Now, on to this Sunday’s New York Times.
The magazine has a 5088 word recounting of the abandonment and cruel plight of our Vietnam war allies in Laos, the Hmong, and of the weakness of the case against Hmong leader Vang Pao for involvement in a plot for violence against the current Lao government.
There’s a paragraph paralleling the weakness of the case against the Sears Tower plotters. It is gratuitous, and may have been inserted by an editor or the reporter to fit NYT’s anti-Iraq war memes. But, it is irrelevant to the strong factual reporting in the other thousands of words.
The NYT’s, in December 2007, published another strong front-page feature about the plight of the Hmong, hunted like animals by the Laotian government, aided by the Vietnamese. I wrote about it here. The week before, the Washington Post carried an op-ed about their persecution. The Huffington Post has carried several excellent reports by Rebecca Sommer. My posts on the extermination policies and programs against the Hmong in Laos and Montagnards in Vietnam are too many to list, so go to the Search in the left margin and input Hmong and then Montagnard. I even praised Senator Patrick Leahy for taking an interest. Human Rights Watch and Amnesty International have, also, been forthright in their condemnation of the Hmong’s treatment.
One would think that those on the Right, many of whom served in Vietnam, who are quick to point out the US’s moral obligation to Iraqis who have stood with us and for themselves against our common foes, would be more interested in the US abandonment and lackadaisical treatment of our former Hmong and Montagnard allies. There is no subject I write about more ignored among other conservative blogs. It is quite rare indeed when any notice is taken of these abandoned allies.
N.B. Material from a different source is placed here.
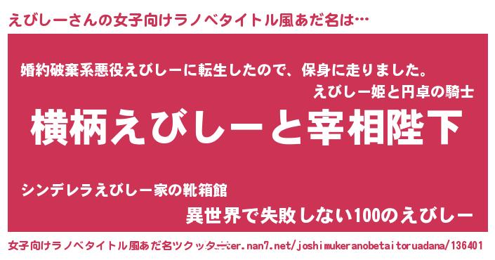 | 男性向けラノベタイトル風あだ名 | 『えびしーに滅ぼされるだけの簡単なお仕事です』 |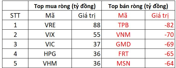 Ngược chiều, cổ phiếu "họ" Vingroup là VRE, VIC và VHM nằm top các mã được mua ròng mạnh với giá trị lần lượt 88 tỷ, 37 tỷ và 36 tỷ đồng. Theo sau, cổ phiếu VIX và HPG được mua ròng khoảng 36-55 tỷ đồng mỗi mã.

Why? Is it because others in media and NGO’s who are usually attacked have taken some interest? Is it because it doesn’t fit a current meme or brouhaha of the day? Is it because the Right blogosphere has lagged in creating original reporting of its own? Is it simple lack of interest?
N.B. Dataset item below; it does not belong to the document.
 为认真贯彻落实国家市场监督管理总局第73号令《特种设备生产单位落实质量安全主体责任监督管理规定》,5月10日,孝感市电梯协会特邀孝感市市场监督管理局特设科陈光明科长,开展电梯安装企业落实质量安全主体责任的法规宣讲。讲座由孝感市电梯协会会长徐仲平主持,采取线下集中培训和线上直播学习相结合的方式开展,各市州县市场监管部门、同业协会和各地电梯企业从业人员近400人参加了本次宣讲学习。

Regardless, it does not reflect well on the Right side of the blogosphere.
P.S.: I emailed Glenn Reynolds that I couldn't find any posts at Instapundit that contained the word "Montagnard" or "Hmong." Glenn promptly replied with this good post from 2002. (Nothing since then.)
THE WAR CRITICS, as I've noted before, learned nothing since Vietnam. The U.S. military, as Jim Dunnigan notes learned a lot:
During the Vietnam War, U.S. Army Special Forces used the same techniques they applied in Afghanistan. It was in Vietnam that the Special Forces actually developed the tactics that worked so well in Afghanistan. The Vietnam experience was even more dramatic. For most of the 1960s SOG (Studies and Observation Group) Special Forces LRRPs (Long-Range Reconnaissance Patrols) operated in Laos. The Special Forces (and CIA) had organized a 10,000-man army from among the local Hmong tribes in Laos. The LRRPs went in (about 23,000 times) to find North Vietnamese troops and installations, whereupon devastating air strikes were called in. Another 50,000 tribesmen in the central highlands of Vietnam were organized into military units.Some of these fought in Laos as well. However, the North Vietnamese (and Laotian communist Pathet Lao) troops were more numerous and determined than the Taliban, so the "American Tactics" didn't work out as well in Laos. The technique did work better in Vietnam. The North Vietnamese were not able to capture the Central Highlands until the Special Forces and American air power left. And, OK, they didn't have as many smart bombs in the 1960s, but they didn't need them to do the deed.